Churches Should Be Leery of Patriotism

Churches Should Be Leery of Patriotism January 15, 2014

In the most recent issue of First Things, one paragraph in Grant Kaplan’s essay “Celibacy as Political Resistance” really caught my attention.  He’s writing about the USCCB’s opposition to the contraception mandate, but I think his point is well-taken regardless of your position on that policy question:

In response to the government’s decision to force Catholic institutions to comply with the new health care law, for example, one might have hoped for a strong, prophetic, and theologically serious response from a Catholic leadership that feels especially besieged by the Affordable Care Act. Instead, the United States Conference of Catholic Bishops gave us the feeble “Fortnight for Freedom.” In name (“Freedom”), time (concluding on Independence Day), and icon (the Statue of Liberty), the USCCB merged American mythology with Christian history. The bishops’ rhetoric suggested no inherent incompatibility between being American and following the gospel. If the new health care law were only more American, there would be no need to protest.

Not everything wrong is illegal.  And not everything wrong is unamerican.  So if you keep choosing to frame your fights as constitutional questions or as questions of identity and patriotism, you’ll end up in a bind.  For one thing, “American values” (or, more narrowly, the Constitution) are not specific enough to rule out contradiction.  Math theorems aren’t allowed to prove both A and not A, but a legal test can certainly find Policy A and mutually contradictory Policy B are both kosher.  And both may fit into some strain of American cultural traditions.

The more you default to legalistic or national identity-linked rhetoric, the more you reinforce the idea that these two kinds of arguments are trump cards in the public square.  And you’ll find you’ve painted yourself into a corner when you oppose something that isn’t illegal and isn’t unamerican, but seems to you to be deeply wrong.  I don’t particularly like it when Catholic churches have American flags up near the altar or sing “God Bless America” for the recessional hymn on the Fourth of July.  The Church isn’t opposed to this country, but it’s not supposed to be too tightly linked or loyal to any.

Framing too many arguments legally doesn’t just do violence to the Christian cause, but to the plausibility of our legal system.  There’s a lot of tortured, convoluted jurisprudence in order to make some hot-button issue appear tangentially relevant to the Constitution.  (I appreciated, during the Obamacare case, the justice who pointed out that a broccoli-eating mandate would be stupid but legal).  Bad cases make bad law.

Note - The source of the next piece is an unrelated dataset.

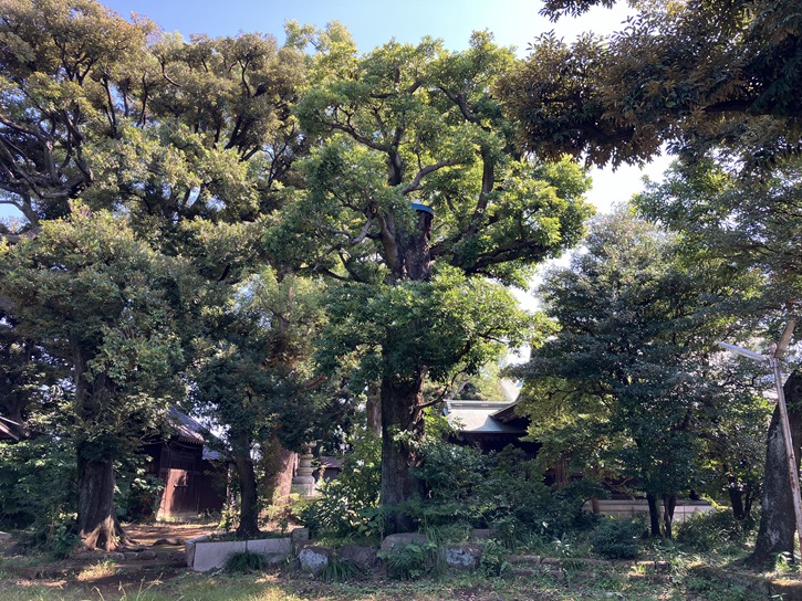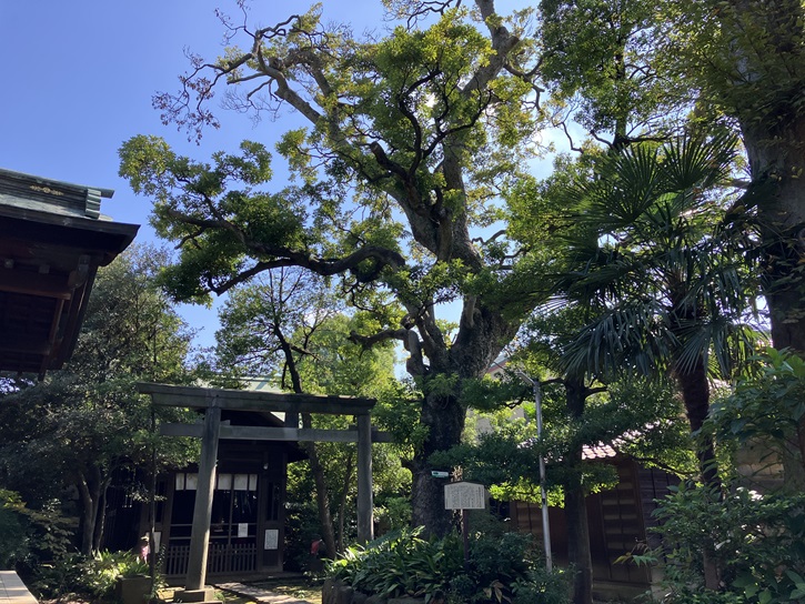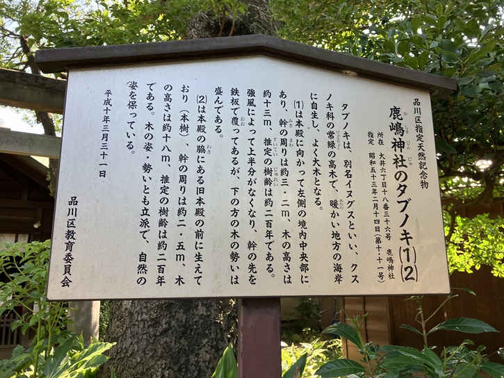 広々とした境内は多くの樹木に覆われ、特に大きな推定樹齢200年のタブノキ2本と樹齢200年以上のアカガシは品川区の天然記念物になっています。本殿前のタブノキ(1)は強風によって上半分がなくなり、幹の先が鉄板で覆われています。
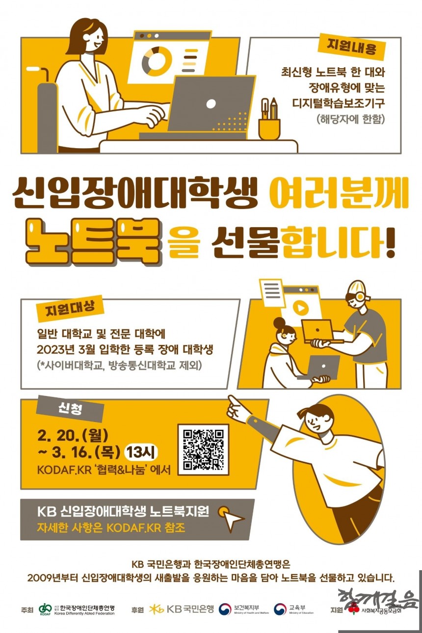 ▲ 2023 KB 신입장애대학생 노트북지원사업 홍보 포스터(제공. 한국장애인단체총연맹)

Catholics, and everyone else, should be comfortable picking their fights outside the courtroom, and outside specifically American claims.  It may be easier to fight a legal case, but culture war is better.  You’re fighting for hearts and minds, not laws on the books.  The ultimate goal is to help shape people informed by phronesis — practical wisdom, who refrain from cruelty because it is wrong, not because of legal repercussions.  Nudges and legal pressures are all right as a stop-gap (and as a concession to our fallen nature), but when the President signs a bill into law, the fight has assuredly not come to an end.